The open supply Presto SQL question engine is constant to maneuver ahead, with massive customers comparable to Uber, Alibaba and Fb utilizing the expertise at ever-growing scale.
On the PrestoCon Day digital occasion on March 24, Presto customers and builders gathered to debate how the expertise is getting used and the place it’s headed sooner or later.
Presto is a SQL question engine initially developed by Fb and at the moment run as an open supply undertaking below the governance of the Presto Software program Basis, which itself is operated by the Linux Basis. Till December 2020, there have been two distinct variations of Presto, with PrestoDB run by the Presto Software program Basis, and PrestoSQL, which was rebranded as Trino by its backers, together with Starburst and Varada, amongst others.
With the cut up and confusion of two completely different Presto variations now up to now, the Presto undertaking is trying to spotlight its successes. Whereas Presto continues to be strongly influenced by Fb, it has discovered enterprise assist and adoption as nicely, with distributors such Ahana, which offers a managed Presto service that runs on AWS.
Presto customers element advantages
Throughout a person session on the digital PrestoCon Day occasion, a number of Ahana prospects detailed how they use Presto.
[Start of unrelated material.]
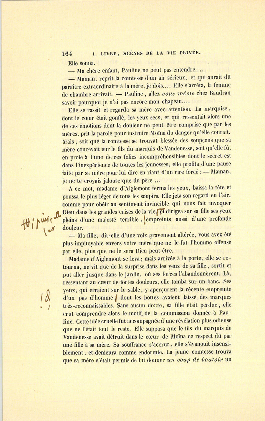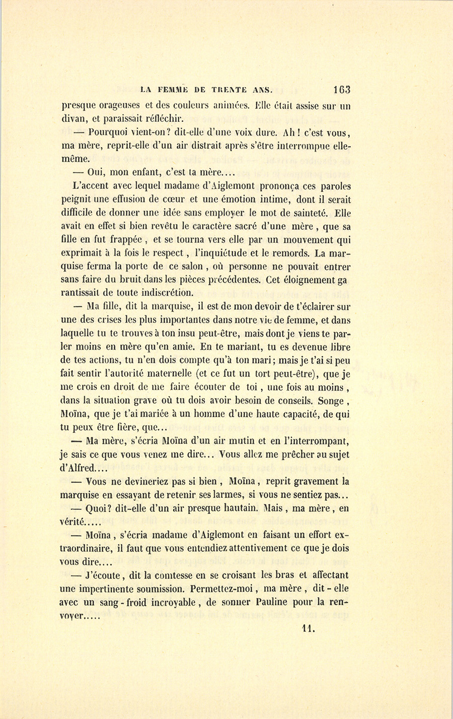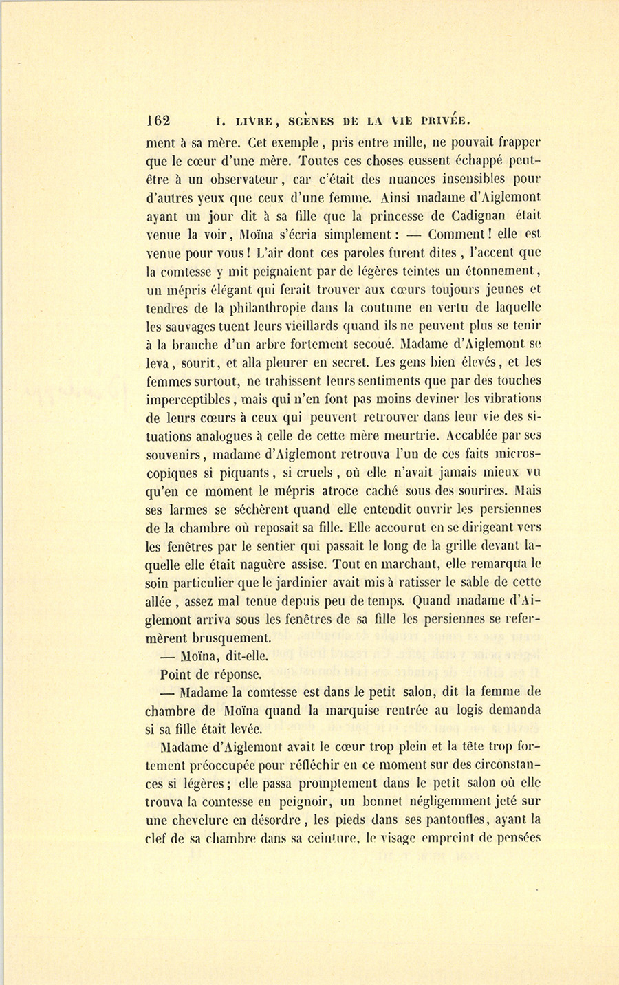 Madame d’Aiglemont avait le cœur trop plein et la tête trop fortement préoccupée pour réfléchir en ce moment sur des circonstances si légères ; elle passa promptement dans le petit salon où elle trouva la comtesse en peignoir, un bonnet négligemment jeté sur une chevelure en désordre, les pieds dans ses pantoufles, ayant la clef de sa chambre dans sa ceinture, le visage empreint de pensées {p. 163} presque orageuses et des couleurs animées. Elle était assise sur un divan, et paraissait réfléchir.

Amongst these customers is income administration platform vendor Carbon, which is headquartered in New York Metropolis. Jordan Hoggart, information engineer at Carbon, described how the corporate moved from Amazon Athena to PrestoDB managed by Ahana. Hoggart defined that Athena is principally an implementation of Presto, albeit one which has been custom-made by Amazon. Hoggart stated Athena did not present the scalability that Carbon wanted to course of a number of sorts of information queries, with completely different units of parameters.
“With Ahana, one other factor we may do was experiment with utilizing completely different clusters for various workloads. With Athena we have been caught with one queue that served all the pieces,” Hoggart stated. “Whereas now if we would like, we are able to spin up a pair completely different clusters which have completely different configurations.”
In the meantime, B2B e-commerce market vendor Cartona, based mostly in Giza, Egypt, can also be utilizing Ahana’s supported model of Presto.
Throughout one other person session, Omar Mohamed, senior information engineer at Cartona, defined that the seller was encountering challenges analyzing information throughout a number of sources of knowledge together with transactional and analytics databases.
Omar MohamedSenior information engineer, Cartona
Mohamed famous that Cartona was getting roughly 200,000 occasions coming into its information sources each 12 hours. With Cartona anticipating to continue to grow and having to take care of much more information within the coming months and years, the seller determined to make use of Presto to allow quick information queries throughout the disparate information sources.
“So now we’re capable of be a part of information queries throughout our completely different databases with out having to repeat or ingest information,” Mohamed stated. “It is all finished in Presto, which saved us hours of planning and guide work.”
Experience-share big Uber is among the greatest contributors to and customers of Presto. In a technical session, Girish Baliga, engineering supervisor at Uber, famous that during the last six months Uber has established Presto as its de facto SQL question engine for many information and analytics purposes. Baliga emphasised that Uber, like many others that use Presto, advantages considerably from Fb’s continued contributions and testing of Presto at scale.
“Fb does a lot of the work; we nonetheless need to do some unique work right here as a result of we use completely different applied sciences, so we do some further testing,” Baliga stated. “However the stability and scalability is absolutely sussed out by the Fb testing course of.”
The state of Presto, from Fb’s perspective
In a keynote session, Biswapesh Chattopadhyay, tech lead for information infrastructure and compute at Fb, outlined the state of Presto and the place it’s headed when it comes to technical course.
One of many new capabilities that the group has been engaged on is a course of known as “auto-awesomize,” which mechanically configures and tunes Presto for optimum operational deployment.
“There’s much less and fewer persistence for individuals to truly spend hours fine-tuning their question efficiency as a result of they should run advert hoc queries in a short time and you recognize time is cash,” Chattopadhyay stated.
He famous that customers simply need their question engines to mechanically work out how you can run a question rapidly in opposition to any given information set. Presto is creating the auto-awesomize capabilities with superior question execution expertise in addition to history-based optimizations that study from previous queries.
Presto is typically in contrast with Apache Spark, which additionally offers a question engine, in addition to a distributed parallel processing framework for operating queries at large scale. There’s an effort now to allow Presto to run on high of Spark, utilizing Presto because the question engine and Spark because the underlying framework for parallel processing.
“Presto-on-Spark is one thing that I am actually enthusiastic about as a result of we see it basically breaking down the scalability limits of Presto,” Chattopadhyay stated.